**Brief:** Exclude the pictures and repeat all of the data exactly.

**Input data:**
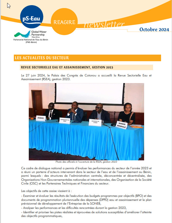 lettre d'information coll. Réagire-Bénin n° 202410 Oct 2024 ; 10 pages Ed. PNE-Bénin - Cotonou pS-Eau - Paris REAGIRE - Cotonou Téléchargeable sous format: PdF Publics-Cibles: Collectivité , Association , Université , Acteurs de coopération , Décideurs locaux ou nationaux
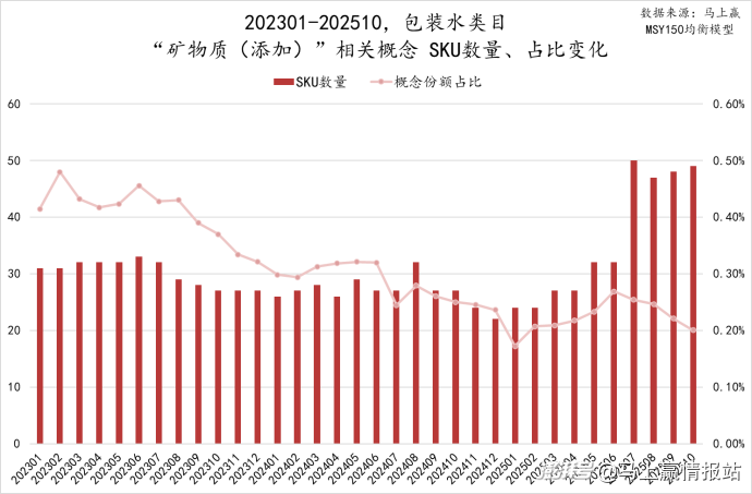 從發(fā)展來看,礦物質(zhì)添加概念的飲用水SKU數(shù)量整體穩(wěn)定,但在近幾個(gè)月有較為明顯的上升。但其占比卻出現(xiàn)了下降,在過去兩年中占比近乎腰斬。結(jié)合礦物質(zhì)概念的每百毫升單價(jià)也出現(xiàn)了下降趨勢(shì),這可能與市場(chǎng)競(jìng)爭(zhēng)加劇、消費(fèi)者有更好的產(chǎn)品選擇等有一定的相關(guān)性。礦物質(zhì)水本身概念也較為陳舊,隨著消費(fèi)者對(duì)天然水源和水質(zhì)的關(guān)注度增加,礦泉水等其他類型產(chǎn)品的成長也會(huì)削弱僅僅是礦物質(zhì)概念的產(chǎn)品,這可能導(dǎo)致了該類產(chǎn)品市場(chǎng)份額的下滑。
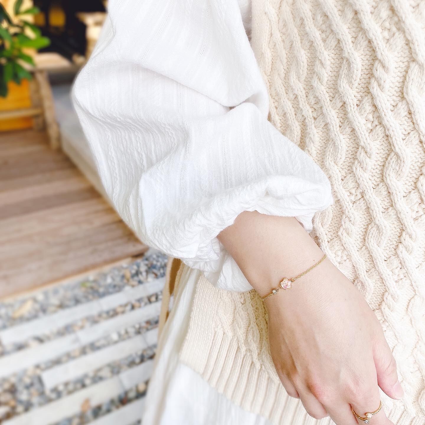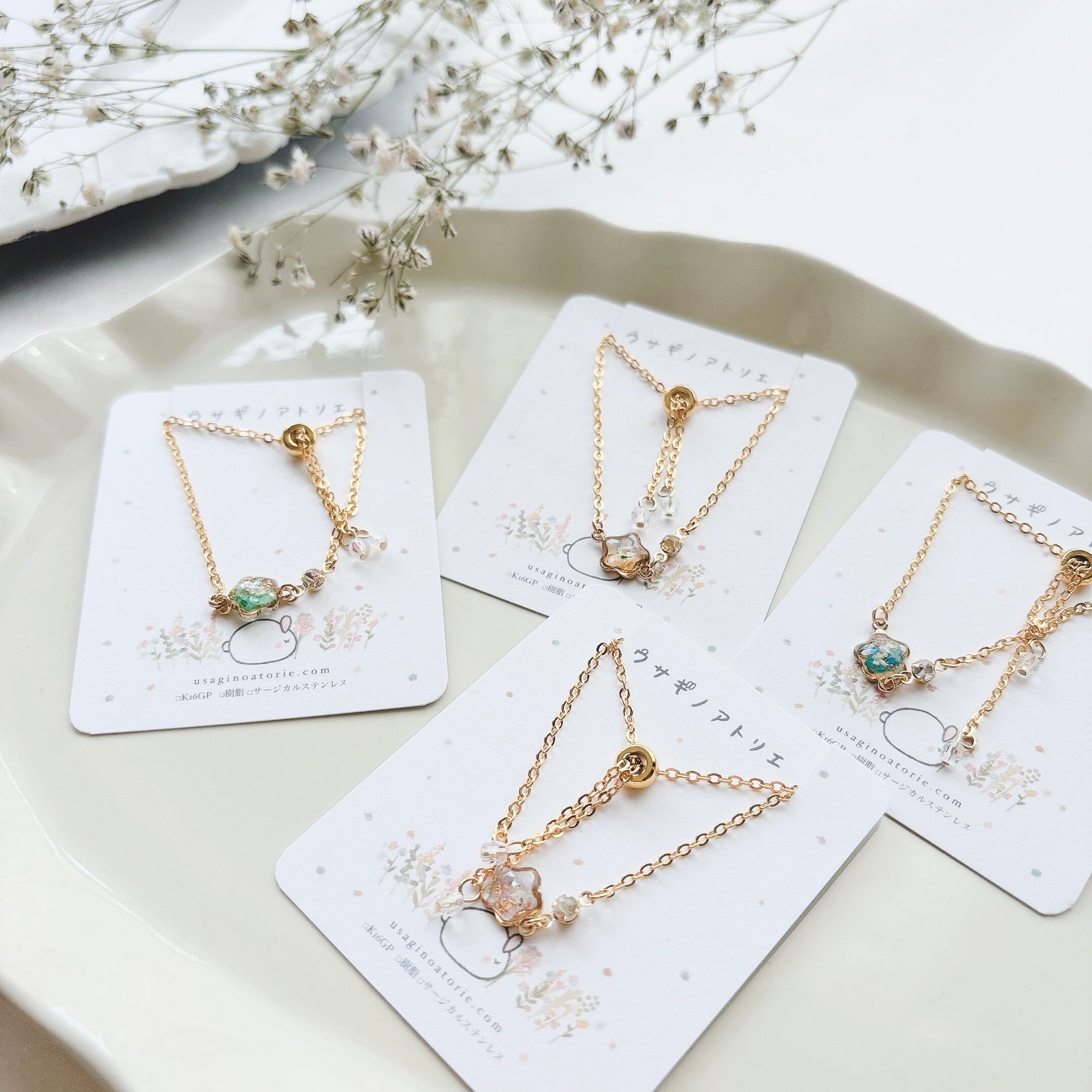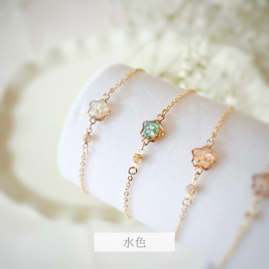 選べるカラー / 色付き貝殻とお花入りブレスレット .* スライド式調節 / ゴールド
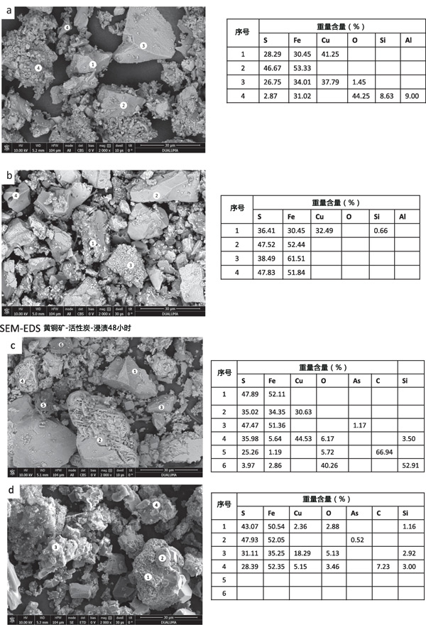 在浸出殘渣中發(fā)現(xiàn)的其他礦物種類是黃銅礦、黃鐵礦、閃鋅礦和石英。氧化還原電位必須足夠低才能形成Cu2S,而黃鉀鐵礬沉淀在非常高的氧化還原電位下更受青睞。通過SEM-EDS對初始活性炭樣品(圖3a)和浸出殘留物(圖3b和3c)的分析表明存在黃銅礦、黃鐵礦和初始精礦中的小石英顆粒。浸出48小時后(圖3b),固體殘留物顯示存在黃銅礦,表面因浸出而改變黃鐵礦。對活性炭浸出48小時后獲得的殘留物的分析表明存在黃鐵礦、吸附硫的碳,并且一些黃銅礦顆粒發(fā)生了很大的變化,表明從黃銅礦中優(yōu)先浸出Fe而不是Cu。
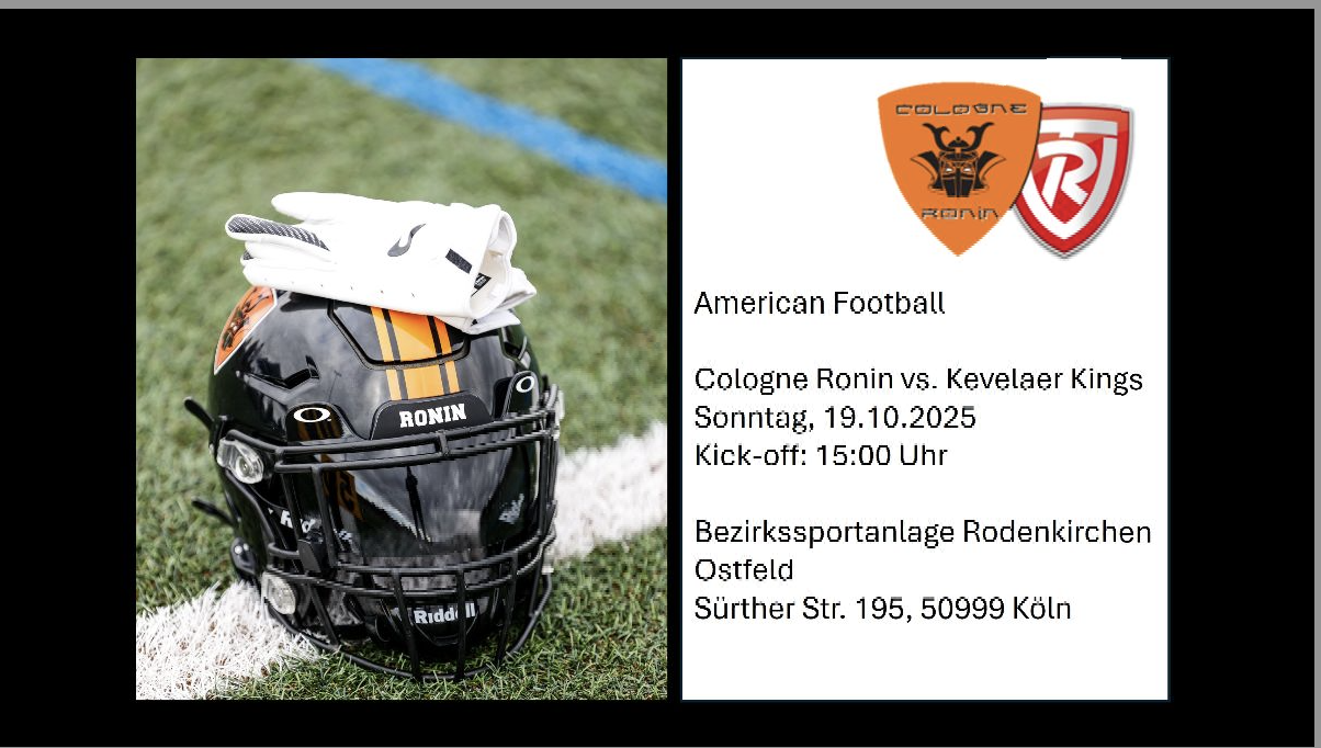 ![]() Wir sind Cologne Ronin, eine American Football Herrenmanschaft aus dem Kölner Süden. Wir freuen uns über eine wachsende Fanbase und über jeden, der uns an den Spieltagen besucht und uns als Team unterstützt. Kommen Sie gerne vorbei! Der Eintritt ist frei! Cologne Ronin vs. Kevelaer Kings Sonntag, 19.10.2025 Kick off 15:00 Uhr Wo? Bezirkssportanlage Rodenkirchen /Ostfeld […]
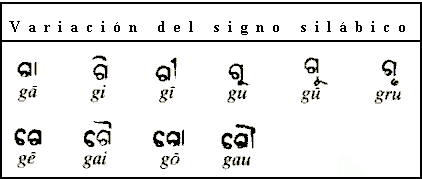 La figura inferior muestra un ejemplo de variante silábica, en este caso con la letra g.
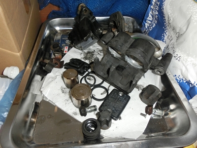 窓を修理した「ブレーキマスターシリンダー」ですが色はげがひどかったので筆塗りですが綺麗にしてみました クレオス MRメタルプライマー (ビン入)賛否あるようですがアルミなので一応これを塗ってから上塗りしました写真では分からないくらいに傷や塗装のはげが直せました上に写っている純正部品のカラ袋はブレーキマスターピストンのダストブーツです品番は59666-44300ですが実はWOLFのパーツリストには載っていません知らないとブレーキマスターピストンごと注文しなければなりませんブーツのみの破損で全て購入するという財布に優しくない事態になりますブーツを新品にして組み上げました 交換前のマスターシリンダーです 今のところ漏れたりなんかはないんですが油面が分かりづらく細かいクラックが入っています 交換していきます・・・・っていつものごとく写真はありません だってブレーキフルードとの格闘なんです 抜くのはエア抜きのニップル(下側)からシリンジで抜きました ここまではこぼさずOKでした 入れるのは下から入れるとエア抜きの手間が無くいいらしいので試しに行うと・・・・ フルード噴出です 誰だこんなこと言い出したのは! 下から入れるとフルードが飛び散って塗装面を侵します 少しずつならOKかもしれませんが絶対にお勧めしません!! 加減が難しすぎます 本当に避けたかったんですがまたやってしまいました 慌ててパーツクリーナーで掃除して(特に塗装面) 通常通り上から入れてエア抜きしました 少し走ってみましたが今のところ漏れはありません 修理は成功のようです クリアな油面確認用の窓っていいもんです

**Task response:**
 lettre d'information coll. Réagire-Bénin n° 202410 Oct 2024 ; 10 pages Ed. PNE-Bénin - Cotonou pS-Eau - Paris REAGIRE - Cotonou Téléchargeable sous format: PdF Publics-Cibles: Collectivité , Association , Université , Acteurs de coopération , Décideurs locaux ou nationaux
 從發(fā)展來看,礦物質(zhì)添加概念的飲用水SKU數(shù)量整體穩(wěn)定,但在近幾個(gè)月有較為明顯的上升。但其占比卻出現(xiàn)了下降,在過去兩年中占比近乎腰斬。結(jié)合礦物質(zhì)概念的每百毫升單價(jià)也出現(xiàn)了下降趨勢(shì),這可能與市場(chǎng)競(jìng)爭(zhēng)加劇、消費(fèi)者有更好的產(chǎn)品選擇等有一定的相關(guān)性。礦物質(zhì)水本身概念也較為陳舊,隨著消費(fèi)者對(duì)天然水源和水質(zhì)的關(guān)注度增加,礦泉水等其他類型產(chǎn)品的成長也會(huì)削弱僅僅是礦物質(zhì)概念的產(chǎn)品,這可能導(dǎo)致了該類產(chǎn)品市場(chǎng)份額的下滑。
 選べるカラー / 色付き貝殻とお花入りブレスレット .* スライド式調節 / ゴールド
 在浸出殘渣中發(fā)現(xiàn)的其他礦物種類是黃銅礦、黃鐵礦、閃鋅礦和石英。氧化還原電位必須足夠低才能形成Cu2S,而黃鉀鐵礬沉淀在非常高的氧化還原電位下更受青睞。通過SEM-EDS對初始活性炭樣品(圖3a)和浸出殘留物(圖3b和3c)的分析表明存在黃銅礦、黃鐵礦和初始精礦中的小石英顆粒。浸出48小時后(圖3b),固體殘留物顯示存在黃銅礦,表面因浸出而改變黃鐵礦。對活性炭浸出48小時后獲得的殘留物的分析表明存在黃鐵礦、吸附硫的碳,并且一些黃銅礦顆粒發(fā)生了很大的變化,表明從黃銅礦中優(yōu)先浸出Fe而不是Cu。
 ![]() Wir sind Cologne Ronin, eine American Football Herrenmanschaft aus dem Kölner Süden. Wir freuen uns über eine wachsende Fanbase und über jeden, der uns an den Spieltagen besucht und uns als Team unterstützt. Kommen Sie gerne vorbei! Der Eintritt ist frei! Cologne Ronin vs. Kevelaer Kings Sonntag, 19.10.2025 Kick off 15:00 Uhr Wo? Bezirkssportanlage Rodenkirchen /Ostfeld […]
 La figura inferior muestra un ejemplo de variante silábica, en este caso con la letra g.
 窓を修理した「ブレーキマスターシリンダー」ですが色はげがひどかったので筆塗りですが綺麗にしてみました クレオス MRメタルプライマー (ビン入)賛否あるようですがアルミなので一応これを塗ってから上塗りしました写真では分からないくらいに傷や塗装のはげが直せました上に写っている純正部品のカラ袋はブレーキマスターピストンのダストブーツです品番は59666-44300ですが実はWOLFのパーツリストには載っていません知らないとブレーキマスターピストンごと注文しなければなりませんブーツのみの破損で全て購入するという財布に優しくない事態になりますブーツを新品にして組み上げました 交換前のマスターシリンダーです 今のところ漏れたりなんかはないんですが油面が分かりづらく細かいクラックが入っています 交換していきます・・・・っていつものごとく写真はありません だってブレーキフルードとの格闘なんです 抜くのはエア抜きのニップル(下側)からシリンジで抜きました ここまではこぼさずOKでした 入れるのは下から入れるとエア抜きの手間が無くいいらしいので試しに行うと・・・・ フルード噴出です 誰だこんなこと言い出したのは! 下から入れるとフルードが飛び散って塗装面を侵します 少しずつならOKかもしれませんが絶対にお勧めしません!! 加減が難しすぎます 本当に避けたかったんですがまたやってしまいました 慌ててパーツクリーナーで掃除して(特に塗装面) 通常通り上から入れてエア抜きしました 少し走ってみましたが今のところ漏れはありません 修理は成功のようです クリアな油面確認用の窓っていいもんです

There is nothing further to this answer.